◆ **Assigned task**
Only the lines below starting at the one containing "2025 весна новая" and ending at the one containing "SANAA, Dec. 9" belong in the answer, each copied exactly.

◆ **Task data**
========================================

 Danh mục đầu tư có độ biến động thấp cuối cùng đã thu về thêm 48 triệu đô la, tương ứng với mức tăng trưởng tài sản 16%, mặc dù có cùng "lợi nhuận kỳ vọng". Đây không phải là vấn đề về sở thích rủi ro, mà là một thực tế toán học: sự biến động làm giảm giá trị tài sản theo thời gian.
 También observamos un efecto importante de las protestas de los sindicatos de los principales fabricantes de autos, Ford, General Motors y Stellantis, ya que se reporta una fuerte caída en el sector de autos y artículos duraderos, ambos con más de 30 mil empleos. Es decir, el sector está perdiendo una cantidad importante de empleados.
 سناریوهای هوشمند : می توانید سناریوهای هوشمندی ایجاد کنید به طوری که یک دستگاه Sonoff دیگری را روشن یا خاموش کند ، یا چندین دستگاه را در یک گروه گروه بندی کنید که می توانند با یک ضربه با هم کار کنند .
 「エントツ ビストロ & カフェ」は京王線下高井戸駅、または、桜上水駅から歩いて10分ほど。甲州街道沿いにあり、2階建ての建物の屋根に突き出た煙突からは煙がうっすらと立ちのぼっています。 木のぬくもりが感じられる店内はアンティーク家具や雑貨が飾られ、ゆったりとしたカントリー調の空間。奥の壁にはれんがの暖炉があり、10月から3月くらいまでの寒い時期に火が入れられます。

========================================

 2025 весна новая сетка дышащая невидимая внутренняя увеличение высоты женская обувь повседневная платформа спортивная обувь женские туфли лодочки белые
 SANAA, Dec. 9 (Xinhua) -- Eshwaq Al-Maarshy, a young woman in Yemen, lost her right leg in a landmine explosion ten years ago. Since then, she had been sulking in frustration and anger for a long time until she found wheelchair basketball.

========================================

◆ **Answer to this task**
 2025 весна новая сетка дышащая невидимая внутренняя увеличение высоты женская обувь повседневная платформа спортивная обувь женские туфли лодочки белые
 SANAA, Dec. 9 (Xinhua) -- Eshwaq Al-Maarshy, a young woman in Yemen, lost her right leg in a landmine explosion ten years ago. Since then, she had been sulking in frustration and anger for a long time until she found wheelchair basketball.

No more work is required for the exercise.